Wasting, or low-weight compared to the height of a child, is a strong predictor of mortality among children under five. The Report finds that many countries in the African region still have wasting rates above the target of 5 percent or below, and persistent famine, flooding, and civil crises in some countries pose enduring challenges to meeting the target. Only 17 countries have so-called “acceptable” levels of wasting, below 5 percent, while 19 have poor prevalence (5 to 9 percent).

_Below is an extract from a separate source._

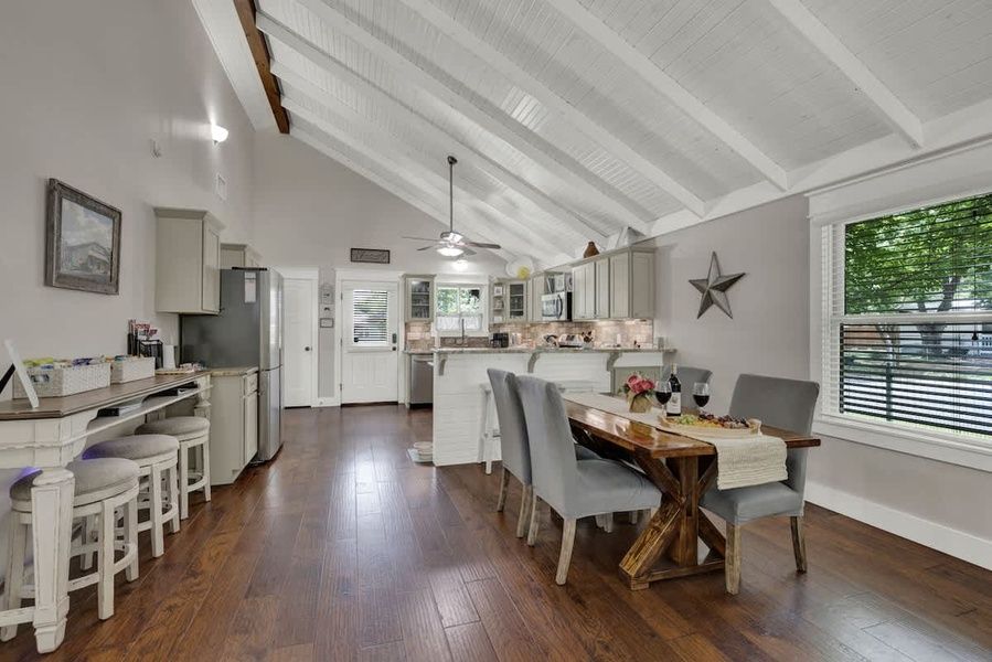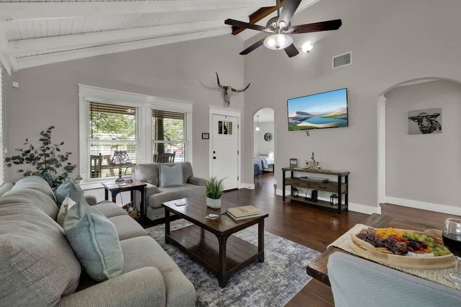 Welcome to Whitney Cottage, a charming 3-bedroom, 2-bathroom vacation retreat nestled in a peaceful neighborhood just one mile from Fredericksburg’s historic Marktplatz. Ideal for families, couples, or friends traveling together, this cozy hideaway combines modern comfort with Hill Country charm—and yes, your furry friends are welcome too! Step inside to find an inviting open-concept living and dining area that sets the tone for relaxation and togetherness. The fully stocked kitchen is a dream for anyone who enjoys cooking, featuring a gas stove, side-by-side refrigerator, microwave, dishwasher, toaster, and a Keurig coffee maker with both single-serve and full pot options. For outdoor dining, a BBQ grill is available to enjoy meals under the Texas sky. The home comfortably sleeps up to six guests across three thoughtfully appointed bedrooms: one with a king bed, one with a queen, and a third with two twin beds. The two bathrooms offer convenience and privacy—one with a stand-up shower and the other with a tub/shower combo. Entertainment options abound with a cabinet full of classic board games for all ages. Guests will also appreciate the washer and dryer for added convenience during longer stays. Enjoy your morning coffee or a glass of wine in the evening from the rocking chairs on either the front or back patio, perfect for soaking in the quiet surroundings. Located just one block from the renowned Herb Farm and Spa, and only a short drive to Main Street shopping, dining, and wineries, Whitney Cottage is a restful base for your Fredericksburg adventures. Whether you're exploring the Hill Country or simply enjoying a peaceful retreat, Whitney Cottage offers comfort, convenience, and plenty of Texas charm. Great news for pet lovers! This property is pet-friendly, so you can bring your furry friends along for the adventure. We want everyone to enjoy their stay, including your four-legged family members. To ensure a paw-sitive experience please be aware of the following: Pet fees & rules: We're delighted to welcome furry friends! This property is pet-friendly for dogs, unfortunately we can't accommodate cats at this time. -Pet fee(s) of $115 plus tax will apply in addition to the nightly rate. -Please check the weight limit and max number allowed for this unit. -Please keep your pups leashed outside and clean up after them. -A separate pet waiver must be signed. -Any and all damages or issues caused by your pet to a unit or furnishing will be immediately charged to your credit card on file. STR Permit Number #8056001575 House Rules and Things to Note: -No more than 6 occupants permitted -No Events or Parties are allowed -Place trash in designated receptacles -Observe City of Fredericksburg Quiet Hours - 10:00 PM to 7:00 AM -Parking instructions: Illegally parked vehicles are subject to tow -The City of Fredericksburg is a Dark Sky Community with outdoor lighting restrictions. All outdoor lighting is encouraged to be turned off when no one is present. Easy Check-in Process We use Happy Guest for a seamless, app-free check-in experience. Just complete your rental agreement, ID verification, and a simple refundable security hold of $1,000 (which is not a traditional security deposit, just a pending transaction) to receive your arrival instructions. If you'd prefer, you can opt for a Non-Refundable Damage Waiver instead, which provides coverage up to $1,500. The waiver is $62.54 for stays up to 10 nights, with an additional $1.50 per day for stays longer than 10 nights. It’s simple: finish these steps, and you’re all set to enjoy your stay! Note: arrival info won’t be sent without completing these steps, and refunds aren’t possible if skipped. Happy Guest is web-based and user-friendly, with all the info about the house and local spots. You can even share it with friends and family. Got questions? Just message us anytime! Stay Texas has engaged VacayHome to ensure this listing contains all the information you need and that it is easy for you to book via search engines & online channels. VacayHome is connected directly to the property management system used by Stay Texas which ensures that availability & rates are up-to-date & accurate. When you book, VacayHome processes payment on behalf of Stay Texas and a charge will appear on your statement as "VacayHome". VacayHome will send you a confirmation e-mail that contains all the information you need to prepare for your vacation including arrival instructions. VacayHome has a 24 x 7 team to assist you with any questions or concerns you may have prior to arrival. To access VacayHome, obtain the customer support telephone number or read FAQs, please click on the links at the bottom of this page.

Six countries have rates between 10 to 14 percent, representing a serious public health emergency, and three countries exceed the 15 percent critical public health emergency threshold (Eritrea 15.3 percent, Niger 18.7 percent, and South Sudan 22.7 percent).
Joint UNICEF, WHO and World Bank 2016 estimates show that the number of overweight children in Africa increased by more than 50 percent between 2000 and 2015. The Report found that 24 countries have rates between 3 and 10 percent; above this range are Algeria (12.4 percent), Botswana (11.2 percent), Comoros (10.9 percent), Seychelles (10.2 percent), and South Africa (10.9 percent).
“African Governments can, and should, take measures to prevent and reduce undernutrition by creating favourable environments for improved infant and young child feeding, improved water supplies and sanitation, and offering healthier foods in schools among other measures,” said Dr Francesco Branca, Director of the Nutrition Department at the WHO Headquarters in Geneva. Dr Branca emphasized the need to reduce consumption of refined carbohydrates and foods high in sugars and fat, which can be achieved by making sugary drinks less affordable and less appealing through taxation, labelling, and changing marketing practices.